[Date Prev][Date Next][Thread Prev][Thread Next][Date Index][Thread Index]

Re: [Xen-devel] [PATCH] credi2-ratelimit: Implement rate limit for credit2 scheduler



On Wed, 2016-07-06 at 18:33 +0100, anshul.makkar@xxxxxxxxxx wrote:
> From: Anshul Makkar <anshul.makkar@xxxxxxxxxx>
> 
Hey, Anshul,

Thanks for doing this!

> Rate limit assures that a vcpu will execute for a minimum amount of
> time before
> being put at the back of a queue or being preempted by higher
> priority thread.
> 
I'd say "before a context switch occurs", or "before a context switch
is allowed".

> It introduces a minimum amount of latency to enable a VM to batch its
> work and
> it also ensures that system is not spending most of its time in
> VMEXIT/VMENTRY because of VM that is waking/sleeping at high rate.
> 
Again, something like, "ensures that context switches does not happen
too frequently" seems more accurate and useful as a description.

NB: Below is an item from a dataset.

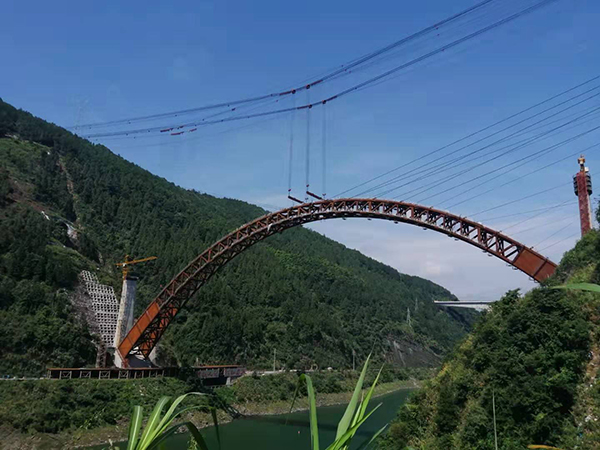 该桥为非对称上承式钢管混凝土拱桥,主跨292米,在同类型桥梁中居世界第一,采用跨度865米的2×150吨缆索起重机,在国内首次实施两片拱肋同时整节段吊装,主拱于2019年7月31日合拢。

I also wouldn't use the word "latency", above, to describe the time a
VM has to carry on some work uninterrupted.

> ratelimit can be disabled by setting it to 0.
> 
Good.

> --- a/xen/common/sched_credit2.c
> +++ b/xen/common/sched_credit2.c
> @@ -171,6 +171,11 @@ integer_param("sched_credit2_migrate_resist",
> opt_migrate_resist);
>  #define c2r(_ops, _cpu)     (CSCHED2_PRIV(_ops)->runq_map[(_cpu)])
>  /* CPU to runqueue struct macro */
>  #define RQD(_ops, _cpu)     (&CSCHED2_PRIV(_ops)->rqd[c2r(_ops,
> _cpu)])
> +/* Find the max of time slice */
> +#define MAX_TSLICE(t1, t2)  \
> +                   ({ typeof (t1) _t1 = (t1); \
> +                      typeof (t1) _t2 = (t2); \
> +                      _t1 > _t2 ? _t1 < 0 ? 0 : _t1 : _t2 < 0 ? 0 :
> _t2; })
> 
I'm bad at this things, but isn't subtracting the two values a more
efficient, effective and easier to read way to do this?

Also, I think this macro can be called something like MAX_STIME(), or
STIME_BEFORE (or something like that) and be put in time.h.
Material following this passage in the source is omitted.